In manchen Fällen muss eine weitergehende Untersuchung erfolgen, beispielsweise mittels Herzkatheter, mit dem Veränderungen von Gefäßen und Herzklappen noch besser sichtbar gemacht werden können, als dies die Elektrokardiografie ermöglicht. In bestimmten Fällen ist eine weiterführende Herzkatheter-Untersuchung erforderlich.

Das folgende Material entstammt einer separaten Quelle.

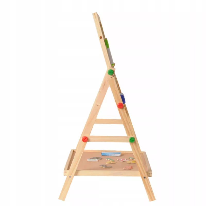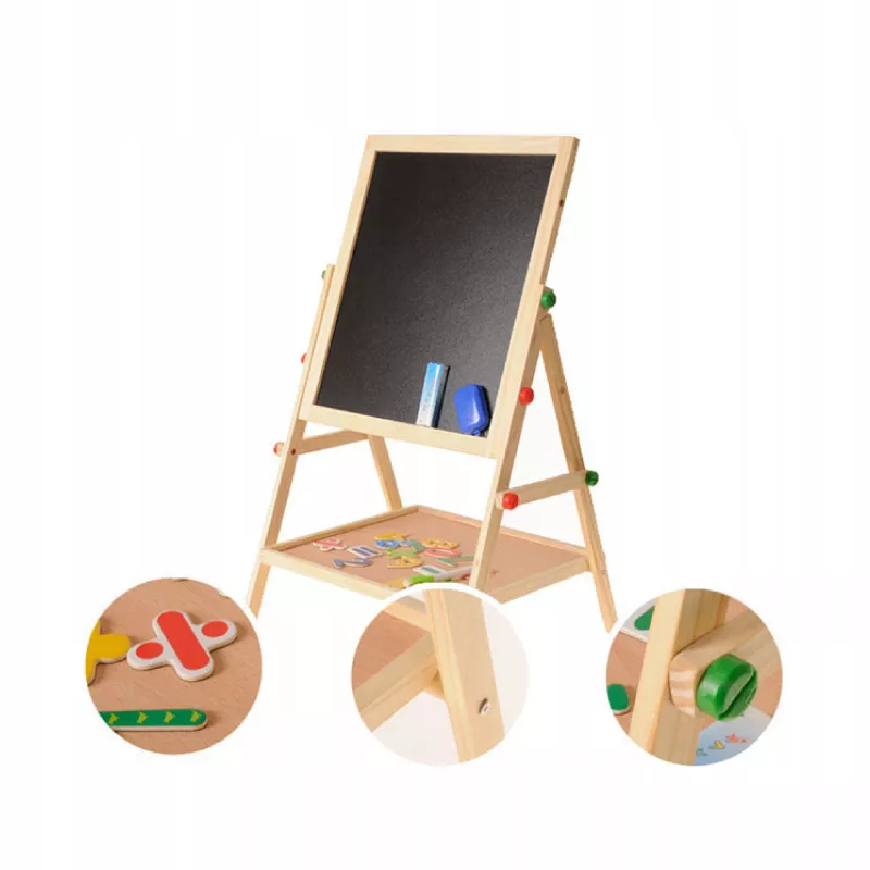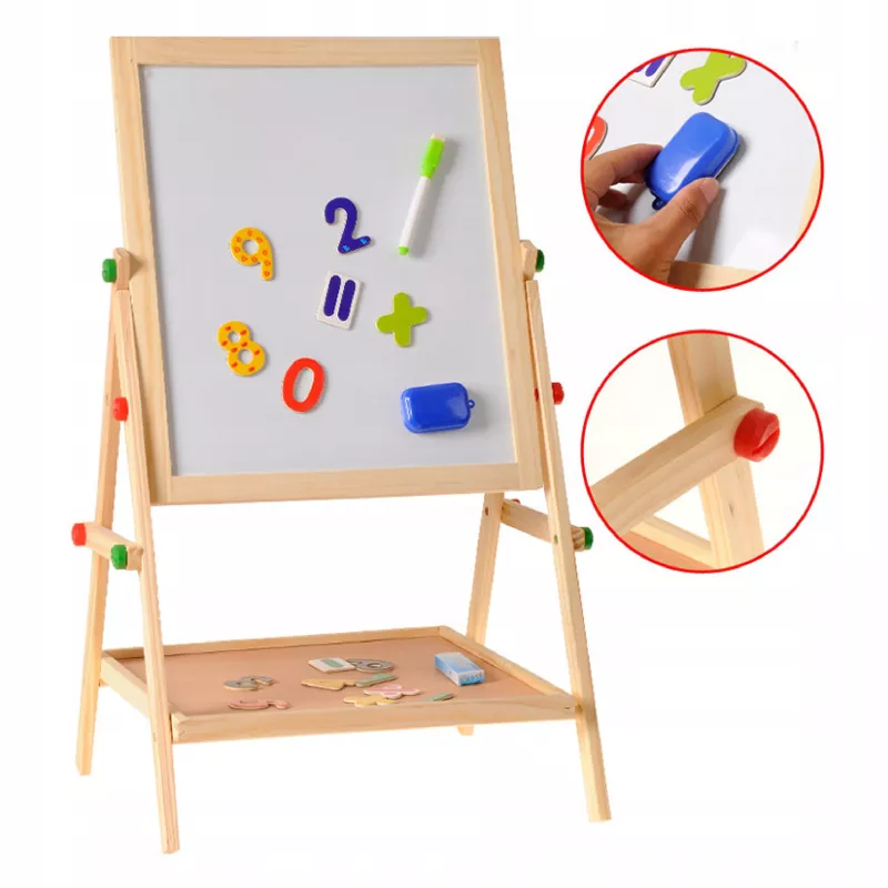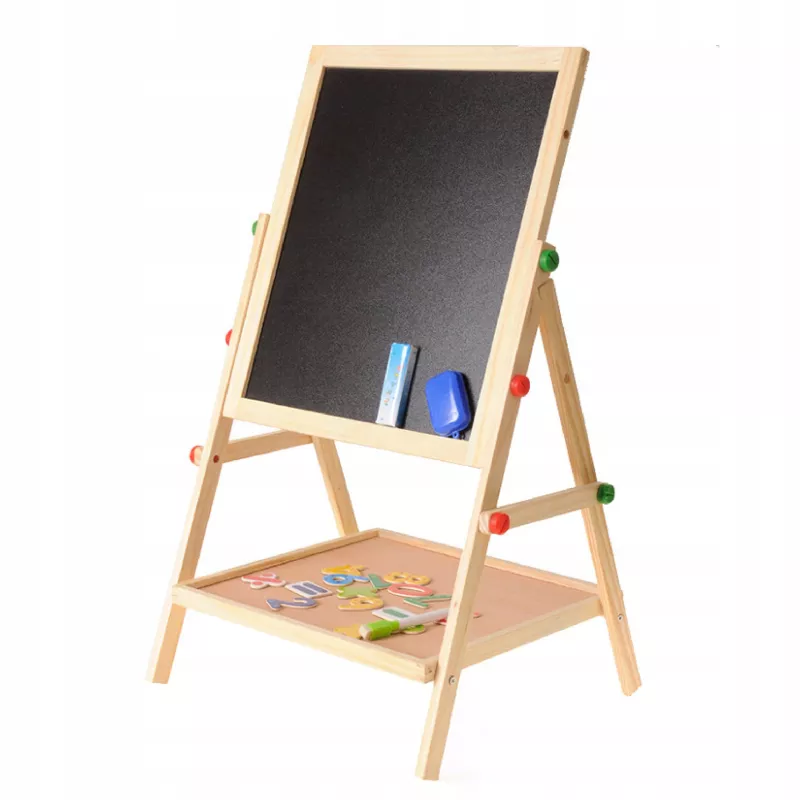 Podaruj dziecku przestrzeń do kreatywnej zabawy i nauki poprzez malowanie dzięki dwustronnej drewnianej tablicy 2w1. Ta tablica stojąca jest wykonana z wysokiej jakości drewna sosnowego, co gwarantuje stabilność i trwałość przez długie lata. Idealna dla dzieci od 3. roku życia, umożliwia rysowanie, malowanie i odkrywanie różnych technik artystycznych w domu i w przedszkolu.

Hiermit lassen sich Störungen der Reizleitung genau erfassen.
In der Diagnostik geht es darum, Krankheiten auszuschließen oder zu entdecken, die das Herz aus dem Rhythmus bringen können.
Medikamentöse Therapie
Ein wichtiges Ziel der medikamentösen und interventionellen Therapie des Vorhofflimmerns sind die Rhythmus- und Frequenzkontrolle. Die Rückführung in einen gleichmäßigen Herzrhythmus kann durch Maßnahmen wie die elektrische Kardioversion oder eine Katheterablation (Verödung von krankhaft veränderten Erregungsherden) erfolgen.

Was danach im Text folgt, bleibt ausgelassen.